On 22 September 1886, the entire production of the Milan factory was moved to the buildings in Magenta where, after only a year, it employed 600 people and produced half a million matchboxes. The company grew every year: in 1890 the number of workers rose to 900 and production to seven billion matches a year. In the 1930s, almost 1,500 employees were employed and the production of poplar plywood panels for the construction of packaging and furniture was started.

In 1935, SAFFA took over UNIAT, Unione Nazionale Italiana Accenditori Torino (Italian National Union of Turin Lighters) and also started to produce flint and wheel lighters, also producing for Cartier.
By the end of the 1950s, the management was assigned to engineer Pietro Molla, thanks to whom two new factories were opened and the one in Magenta upgraded. In the 1970s, thanks to new automatic machinery, production increased to 45 billion matches per year, both wood and wax, as well as lighters and plywood boards. In addition, in earlier years, the company had been expanded to include a paper mill.
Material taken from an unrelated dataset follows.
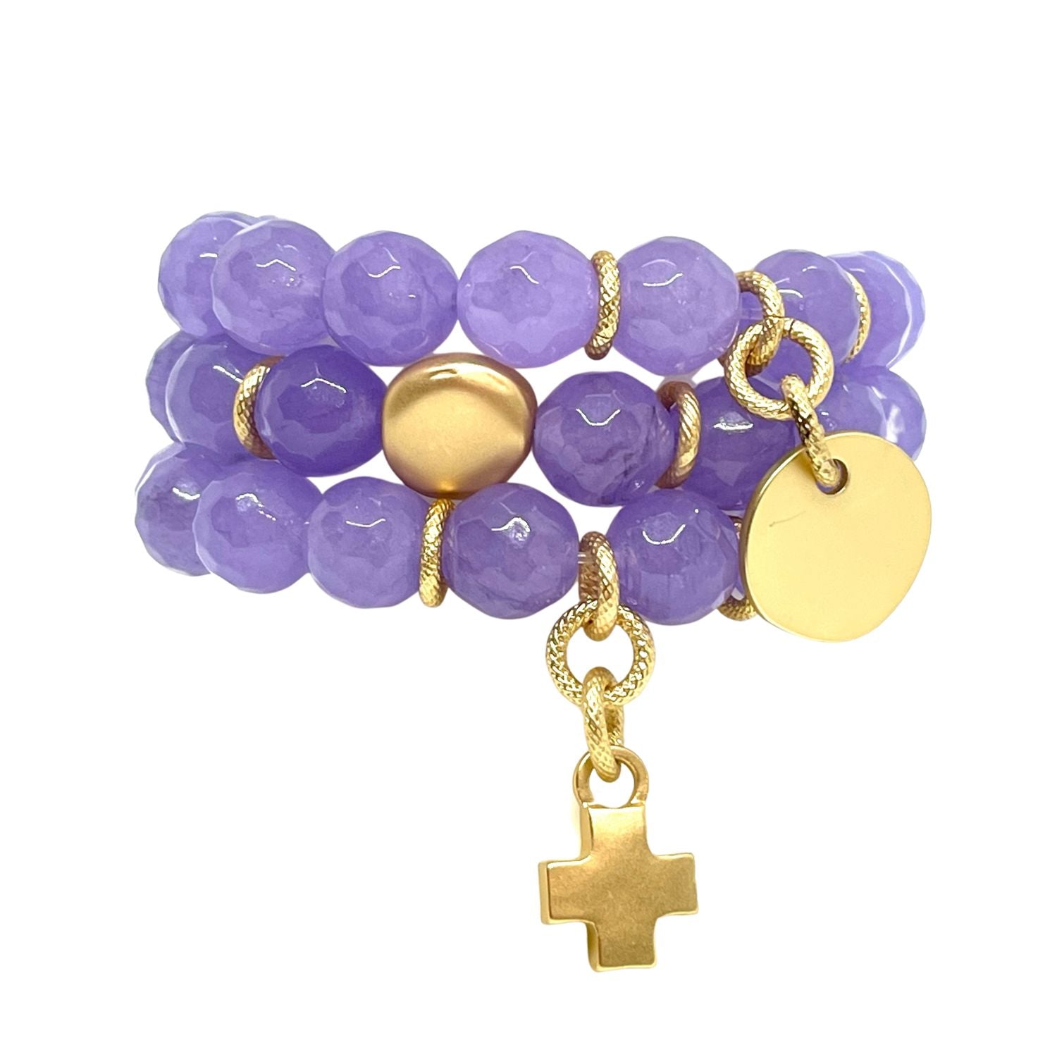 Lavender Jade Stretch Bracelet With Matte Gold Nugget

As the years went by, the consumer market for matches and matches grew smaller and smaller, while new types of lighters were invented that were cheaper and easier to use than those produced by SAFFA. Engineer Molla attempted to convert SAFFA to paper production exclusively, but unfortunately the company’s story came to an end in 2002, when, due to production difficulties that had been lingering for years, the company was officially declared closed.

The area was partly abandoned and partly used as a warehouse until 2019 when it was completely demolished to allow the construction of a large glassworks.